New Research Questions “Cycle Of Child Abuse”
Sociologists call it the “Cycle of Violence”—an almost congenital pattern of abuse and neglect that dooms many abused children to one day hurt their own families and others. But now, a new study in the journal Science is calling into question some of our axiomatic beliefs about the futures of child victims.
“The reality is so much more complicated than we originally thought,” says Cathy Spatz Widom, a psychology professor at John Jay College of Criminal Justice in New York City, and coauthor on the paper. “There’s in fact more than one cycle of violence. It’s not one nice, simple story.”
Prior studies of the Cycle of Violence had been short-term with precious few participants, and researchers seldom found official records to corroborate their surveys and in-person interviews. Generations of sloppy methodology meant that, until now, we had no clue how many abusive parents were once abused as children (estimates currently range from 7 percent to 70 percent).
However, Widom interviewed several hundred victims of abuse in 1989, and kept tabs on about half of those children as they matured and eventually started families, over the course of three decades. Most of Widom’s subjects are now pushing 50, and most of their children are already in their early 20s. To figure out whether these victims had matured into abusive parents, Widom and her team examined court records and documents from U.S. Child Protective Services, and conducted nearly 1,500 interviews with children and parents.
Widom’s results point toward an unexpected trend: Victims of abuse are more likely to perpetrate neglect or sexual abuse, but not necessarily more likely than the general population to physically abuse their own children. “That was the big surprise,” Widom says. “We don’t see an increase in risk for physical abuse.”

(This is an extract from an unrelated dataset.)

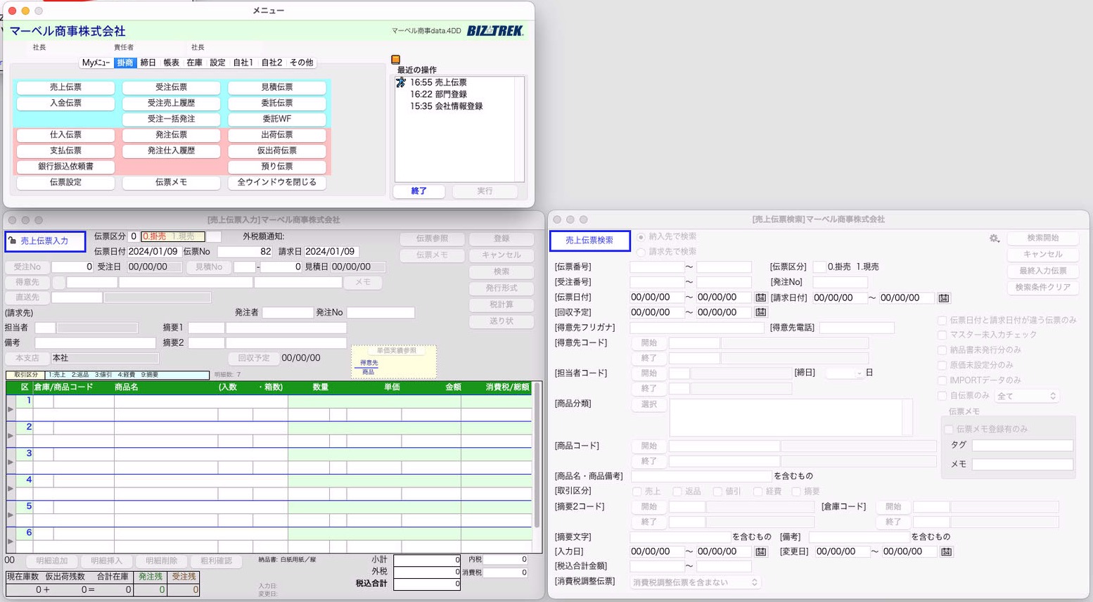 *ディスクトップ上には、新規伝票入力画面、売上伝票検索画面と同時に2画面で同じメニューを操作可能です。

The findings suggest that the Cycle of Abuse is not inevitable, and may provide some comfort to victims of abuse who are wary of starting their own families.
There are, however, potential limitations to this study. Kenneth Dodge, a psychologist at Duke University, told Science Magazine that statistics on physical abuse are especially difficult to track. Dodge suggests the physical abuse figures may be lower because—absent marks or scars—negligence is easier to prove in court, and Child Protective Services often files claims of neglect to get children out of harm’s way with less paperwork.